→ Exercise instructions:
Write back every entry exactly as it reads, with the pictures left behind.

→ Extracted data:
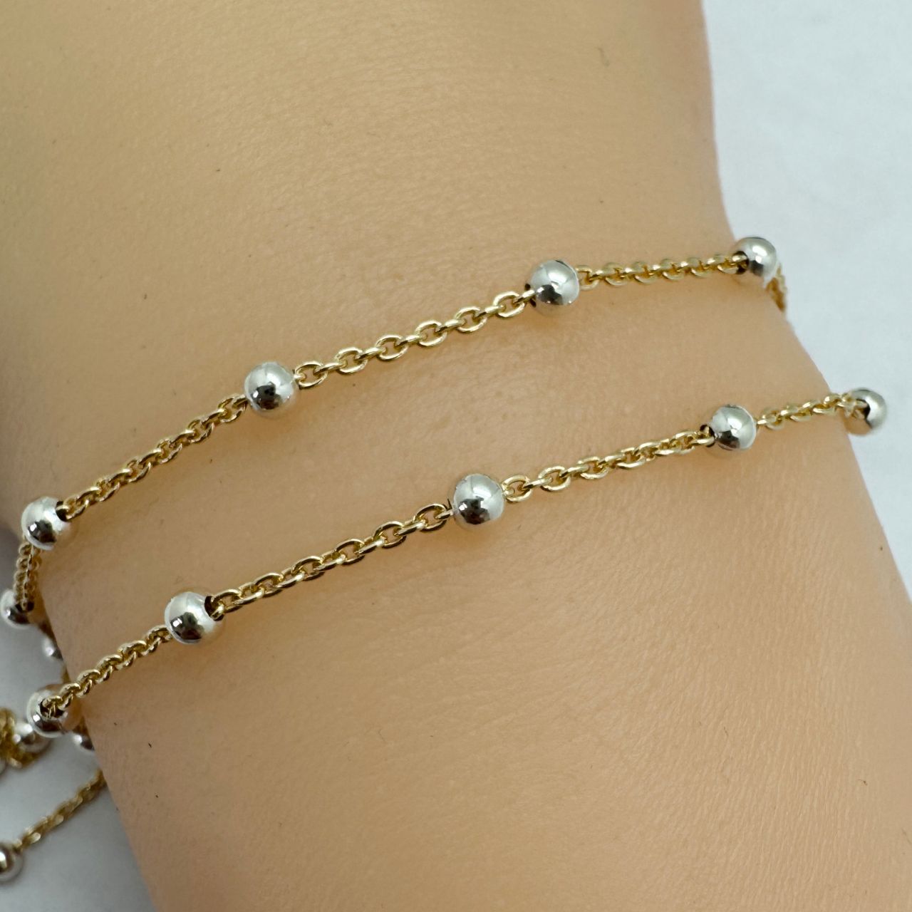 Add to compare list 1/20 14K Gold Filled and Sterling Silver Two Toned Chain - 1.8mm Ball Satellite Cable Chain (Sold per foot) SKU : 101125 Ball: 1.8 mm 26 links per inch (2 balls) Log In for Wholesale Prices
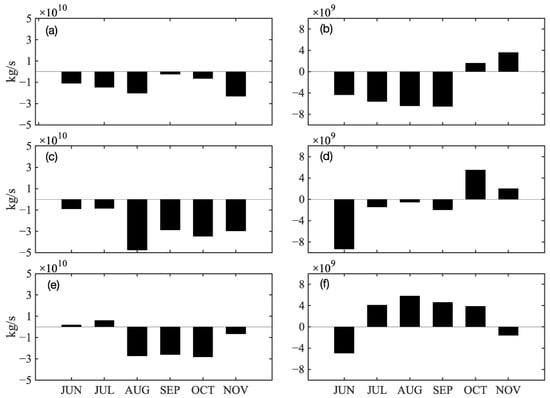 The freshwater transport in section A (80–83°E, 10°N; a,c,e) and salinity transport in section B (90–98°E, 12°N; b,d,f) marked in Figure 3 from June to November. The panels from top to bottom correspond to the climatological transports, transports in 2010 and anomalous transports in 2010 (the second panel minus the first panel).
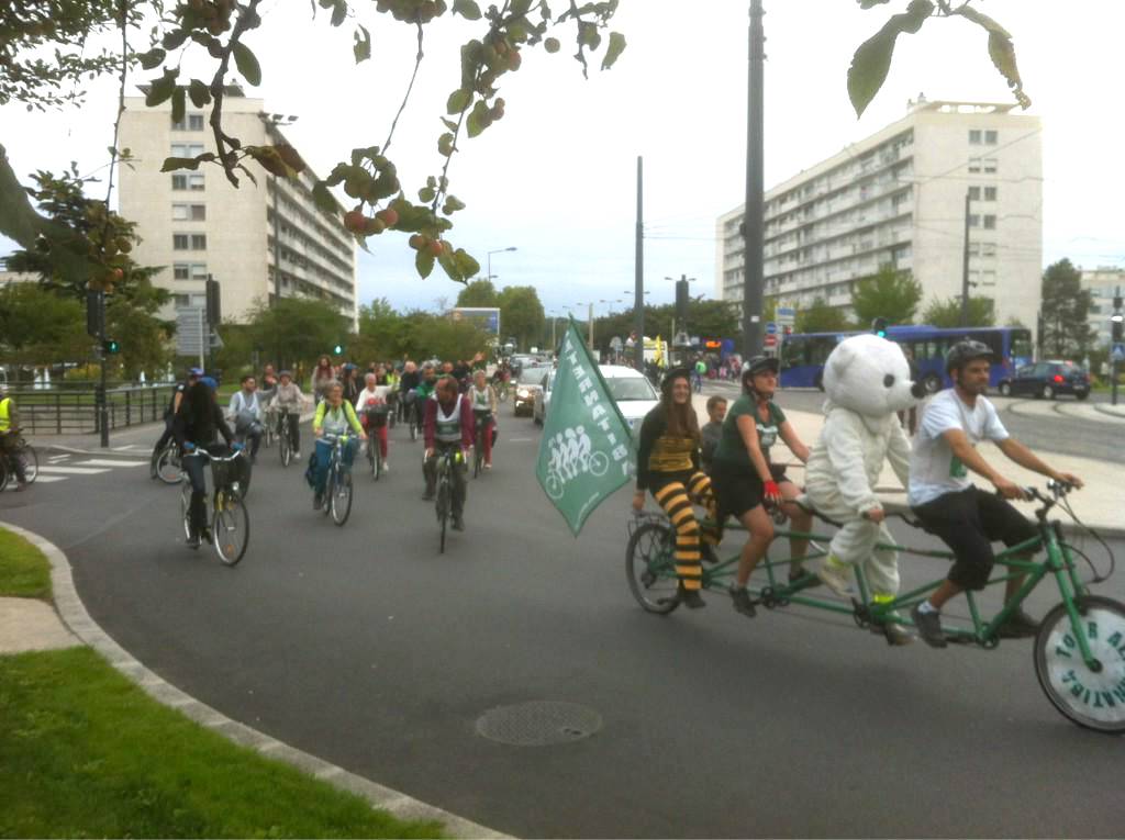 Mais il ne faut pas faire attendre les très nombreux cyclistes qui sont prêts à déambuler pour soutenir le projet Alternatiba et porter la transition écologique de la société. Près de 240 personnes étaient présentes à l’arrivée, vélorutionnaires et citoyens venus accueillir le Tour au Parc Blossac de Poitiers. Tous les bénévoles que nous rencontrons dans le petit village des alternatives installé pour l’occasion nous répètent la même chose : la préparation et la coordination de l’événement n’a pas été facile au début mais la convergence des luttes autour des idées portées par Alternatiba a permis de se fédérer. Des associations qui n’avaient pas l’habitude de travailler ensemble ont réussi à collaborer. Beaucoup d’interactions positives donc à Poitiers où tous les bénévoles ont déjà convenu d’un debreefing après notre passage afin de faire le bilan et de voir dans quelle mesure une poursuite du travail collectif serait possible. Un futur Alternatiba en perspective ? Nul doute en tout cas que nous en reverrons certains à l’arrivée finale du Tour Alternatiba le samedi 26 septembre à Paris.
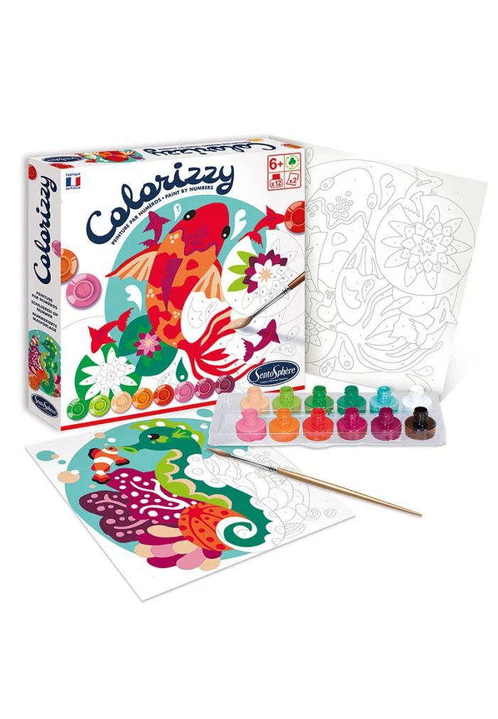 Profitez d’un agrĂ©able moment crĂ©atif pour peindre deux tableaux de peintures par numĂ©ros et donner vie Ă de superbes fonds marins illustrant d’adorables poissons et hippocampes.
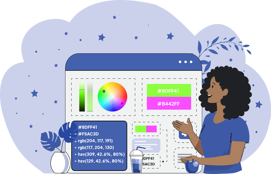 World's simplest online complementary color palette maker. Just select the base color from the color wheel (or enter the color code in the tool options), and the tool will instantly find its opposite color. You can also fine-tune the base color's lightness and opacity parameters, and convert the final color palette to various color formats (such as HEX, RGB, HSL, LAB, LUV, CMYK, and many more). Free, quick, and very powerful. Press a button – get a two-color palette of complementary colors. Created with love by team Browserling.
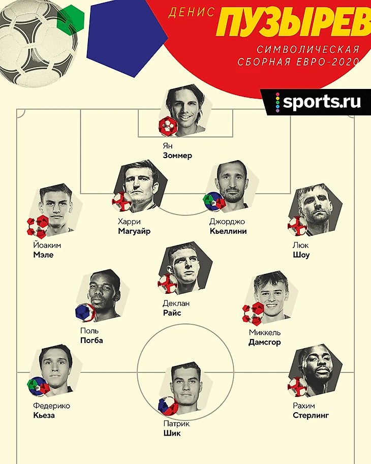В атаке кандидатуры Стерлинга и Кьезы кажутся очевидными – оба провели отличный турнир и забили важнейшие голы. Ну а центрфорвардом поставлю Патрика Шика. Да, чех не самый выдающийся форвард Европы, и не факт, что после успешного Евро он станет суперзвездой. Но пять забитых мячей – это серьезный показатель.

→ Solved exercise:
 Add to compare list 1/20 14K Gold Filled and Sterling Silver Two Toned Chain - 1.8mm Ball Satellite Cable Chain (Sold per foot) SKU : 101125 Ball: 1.8 mm 26 links per inch (2 balls) Log In for Wholesale Prices
 The freshwater transport in section A (80–83°E, 10°N; a,c,e) and salinity transport in section B (90–98°E, 12°N; b,d,f) marked in Figure 3 from June to November. The panels from top to bottom correspond to the climatological transports, transports in 2010 and anomalous transports in 2010 (the second panel minus the first panel).
 Mais il ne faut pas faire attendre les très nombreux cyclistes qui sont prêts à déambuler pour soutenir le projet Alternatiba et porter la transition écologique de la société. Près de 240 personnes étaient présentes à l’arrivée, vélorutionnaires et citoyens venus accueillir le Tour au Parc Blossac de Poitiers. Tous les bénévoles que nous rencontrons dans le petit village des alternatives installé pour l’occasion nous répètent la même chose : la préparation et la coordination de l’événement n’a pas été facile au début mais la convergence des luttes autour des idées portées par Alternatiba a permis de se fédérer. Des associations qui n’avaient pas l’habitude de travailler ensemble ont réussi à collaborer. Beaucoup d’interactions positives donc à Poitiers où tous les bénévoles ont déjà convenu d’un debreefing après notre passage afin de faire le bilan et de voir dans quelle mesure une poursuite du travail collectif serait possible. Un futur Alternatiba en perspective ? Nul doute en tout cas que nous en reverrons certains à l’arrivée finale du Tour Alternatiba le samedi 26 septembre à Paris.
 Profitez d’un agrĂ©able moment crĂ©atif pour peindre deux tableaux de peintures par numĂ©ros et donner vie Ă de superbes fonds marins illustrant d’adorables poissons et hippocampes.
 World's simplest online complementary color palette maker. Just select the base color from the color wheel (or enter the color code in the tool options), and the tool will instantly find its opposite color. You can also fine-tune the base color's lightness and opacity parameters, and convert the final color palette to various color formats (such as HEX, RGB, HSL, LAB, LUV, CMYK, and many more). Free, quick, and very powerful. Press a button – get a two-color palette of complementary colors. Created with love by team Browserling.
В атаке кандидатуры Стерлинга и Кьезы кажутся очевидными – оба провели отличный турнир и забили важнейшие голы. Ну а центрфорвардом поставлю Патрика Шика. Да, чех не самый выдающийся форвард Европы, и не факт, что после успешного Евро он станет суперзвездой. Но пять забитых мячей – это серьезный показатель.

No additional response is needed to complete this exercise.